Problems #11 - 25

**Problem #11:** Calculate the molarity and mole fraction of acetone in a 2.28-molal solution of acetone (CH_{3}COCH_{3}) in ethanol (C_{2}H_{5}OH). (Density of acetone = 0.788 g/cm^{3}; density of ethanol = 0.789 g/cm^{3}.) Assume that the volumes of acetone and ethanol add.

**Solution for molarity:**

Remember, 2.28-molal means 2.28 moles of acetone in 1.00 kilogram of ethanol.

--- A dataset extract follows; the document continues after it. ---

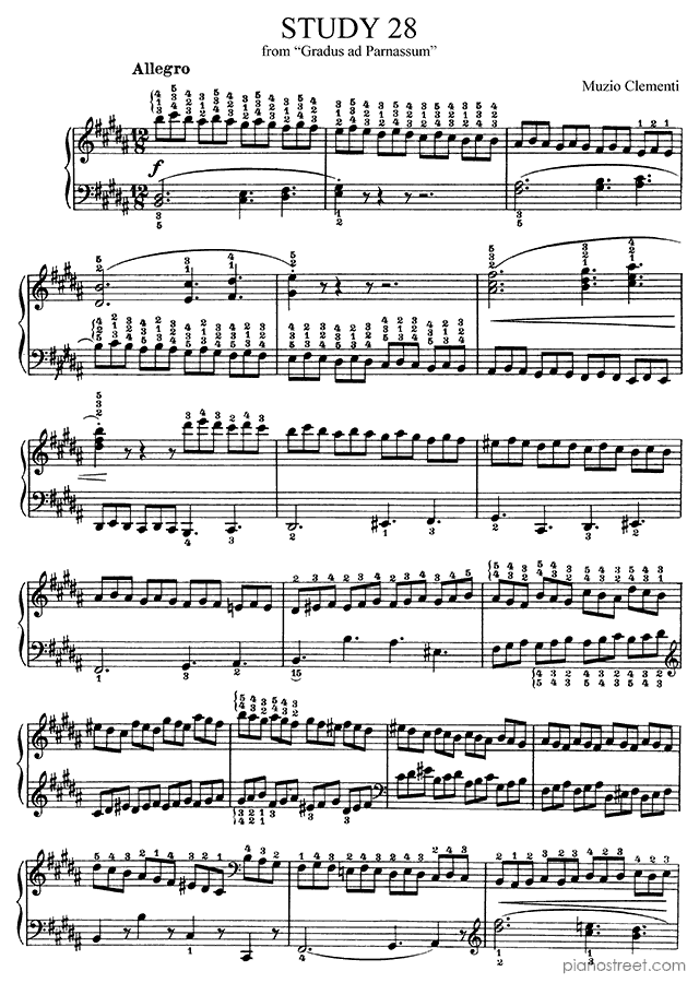 This piece is composed by Muzio Clementi and was published in 1817. Title: Study, No. 28 in B Major from Gradus ad Parnassum. The difficulty level is around ABRSM grade 8 and it belongs to the Classical period.
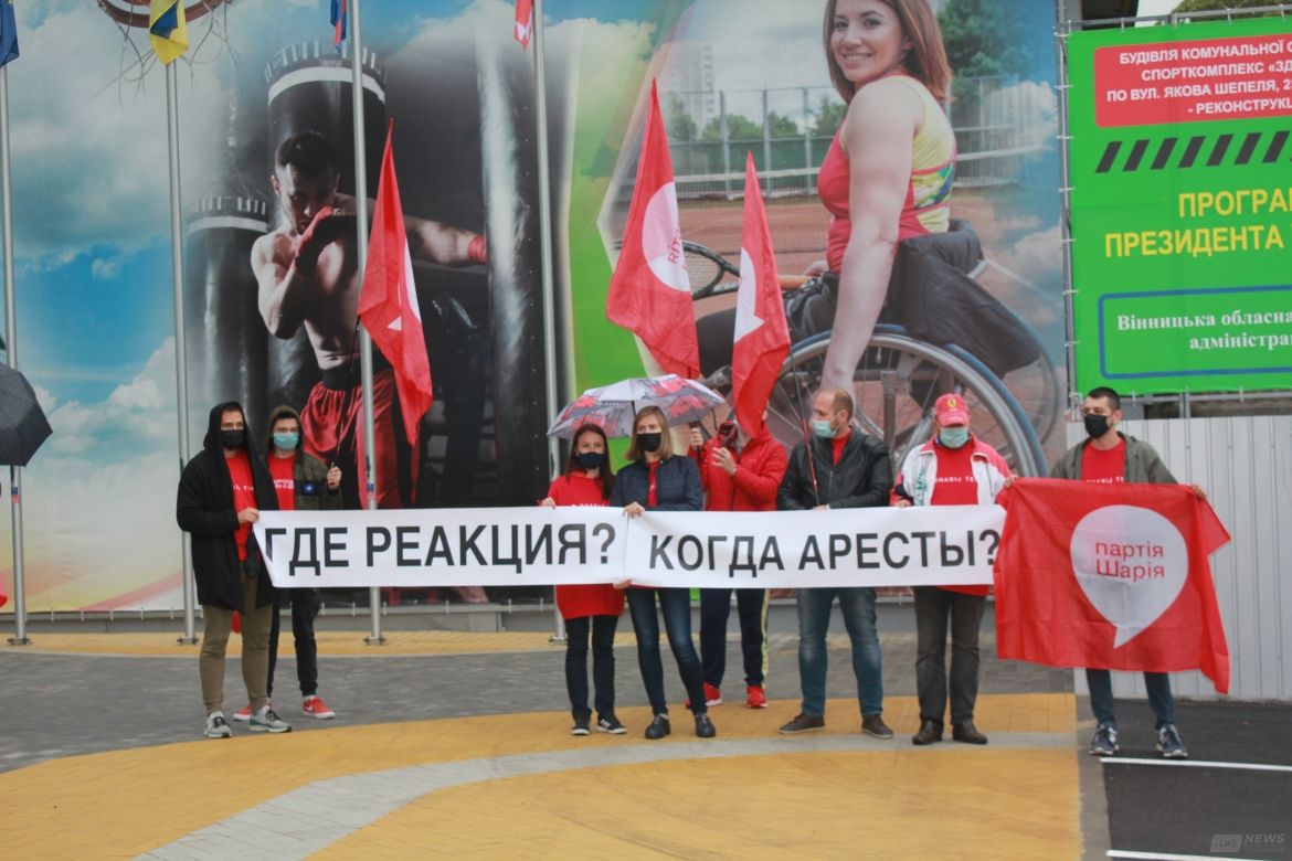 На вході в спорткомплекс Гаранта чекав нечисленний пікет прибічників однієї політсили з нехитрими плакатами «Де реакція» та «Коли арешти?», але дощ завадив їм повноцінно проявитися.

1) Determine volumes of acetone and ethanol, then total volume:

acetone

2.28 mol x 58.0794 g/mol = 132.421 g132.421 g divided by 0.788 g/cm

^{3}= 168.047 cm^{3}

ethanol

1000 g divided by 0.789 g/cm^{3}= 1267.427 cm^{3}

total volume

168.047 + 1267.427 = 1435.474 cm^{3}

2) Determine molarity:

2.28 mol / 1.435 L = 1.59 M

**Solution for mole fraction:**

1) Determine moles of ethanol:

1000 g / 46.0684 g/mol = 21.71 mol

2) Determine mole fraction of acetone:

2.28 / (2.28 + 21.71) = 0.0950

**Problem #12:** Calculate the normality of a 4.0 molal sulfuric acid solution with a density of 1.2 g/mL.

Reminders:

N = #equivalents / L solution

#equivalents = molecular weight / n (n = number of H^{+}or OH¯ released per dissociation.)

molal = moles solute / kg solvent

**Solution:**

1) Determine grams of H_{2}SO_{4} present:

4.0 molal = 4.0 moles H_{2}SO_{4}/ 1000 g solution4.0 mol times 98.09 g/mol = 392.32 g

2) Determine equivalent weight for H_{2}SO_{4}:

98.09 g/mol / 2 dissociable hydrogen/mol = 49.05 g/equivalent

3) Determine # equivalents in 392.32 g:

392.32 g times (1 equivalent / 49.05 g) = 8.0 equivalents

4) Determine volume of solution:

392.32 g + 1000 g = 1392.32 g (total mass of solution)1392.32 g / 1.2 g/mL = 1160.27 mL

5) Determine normality:

N = 8.0 equivalents / 1.16027 L = 6.9 N

**Problem #13:** An car antifreeze mixture is made by mixing equal volumes of ethylene glycol (d = 1.114 g/mL, molar mass 62.07 g/mol) and water (d = 1.000 g/mL) at 20.0 °C. The density of the solution is 1.070 g/mL.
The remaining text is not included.